A word-for-word copy of the data is what's wanted; pictures stay out of it.

Dataset section:
·····

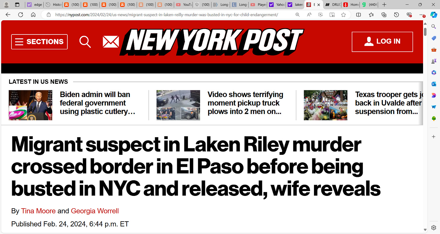‘President Biden said in his 2024 State of the Union address that a nursing student (Laken Riley) “was killed by an illegal.” The authorities called the homicide in February “a crime of opportunity.”’
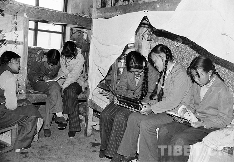 這是班戈縣中學(xué)寄宿女學(xué)生在宿舍里聽(tīng)廣播和學(xué)習(xí)(唐召明1987年攝)
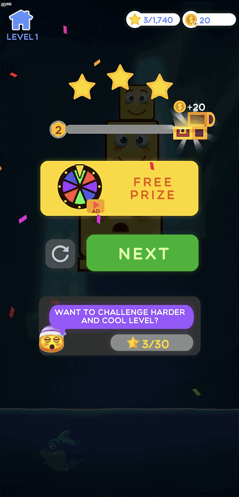 4、当堆叠塔触及关卡目标高度线,且结构保持稳定3秒,即触发“引力爆发”,自动吞噬剩余障碍并结算星级;
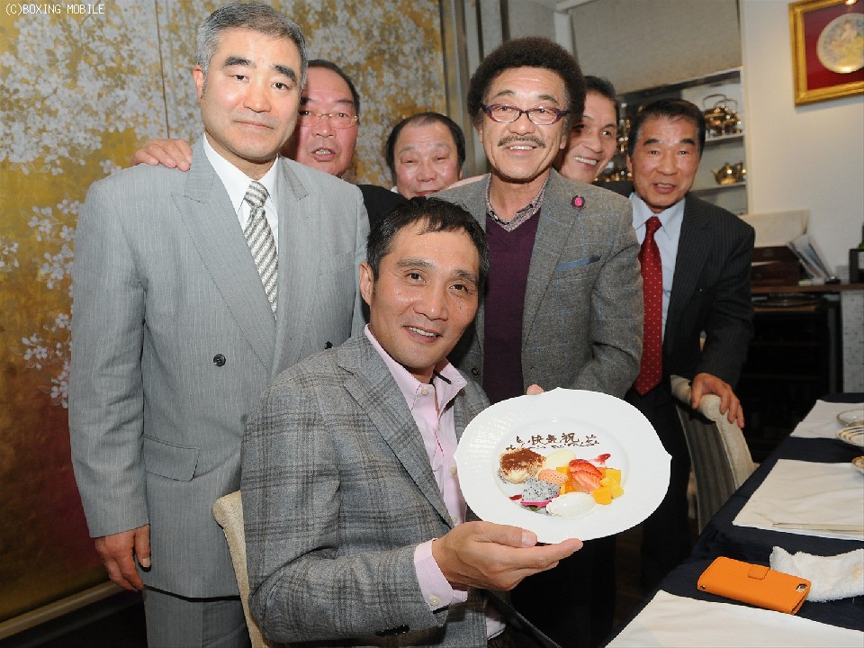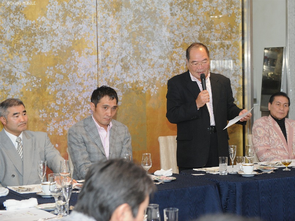 会には輪島功一氏、具志堅用高氏をはじめとする往年の世界王者、また内山高志(ワタナベ)、大橋ジムの八重樫東と井上尚弥、藤岡奈穂子(竹原&畑山)の現役選手ら20名が集結。開催の音頭をとったガッツ氏は「病魔をKOして戻ってきてくれた。まだ治療は続くと思うが不屈の闘志で頑張ってほしい」と竹原氏を激励し、現役代表としてマイクを握った内山も「辛く大変だったと思いますが、こうして集まることができて嬉しく思います」と喜んだ。

·····

The answer:
‘President Biden said in his 2024 State of the Union address that a nursing student (Laken Riley) “was killed by an illegal.” The authorities called the homicide in February “a crime of opportunity.”’
 這是班戈縣中學(xué)寄宿女學(xué)生在宿舍里聽(tīng)廣播和學(xué)習(xí)(唐召明1987年攝)
 4、当堆叠塔触及关卡目标高度线,且结构保持稳定3秒,即触发“引力爆发”,自动吞噬剩余障碍并结算星级;
 会には輪島功一氏、具志堅用高氏をはじめとする往年の世界王者、また内山高志(ワタナベ)、大橋ジムの八重樫東と井上尚弥、藤岡奈穂子(竹原&畑山)の現役選手ら20名が集結。開催の音頭をとったガッツ氏は「病魔をKOして戻ってきてくれた。まだ治療は続くと思うが不屈の闘志で頑張ってほしい」と竹原氏を激励し、現役代表としてマイクを握った内山も「辛く大変だったと思いますが、こうして集まることができて嬉しく思います」と喜んだ。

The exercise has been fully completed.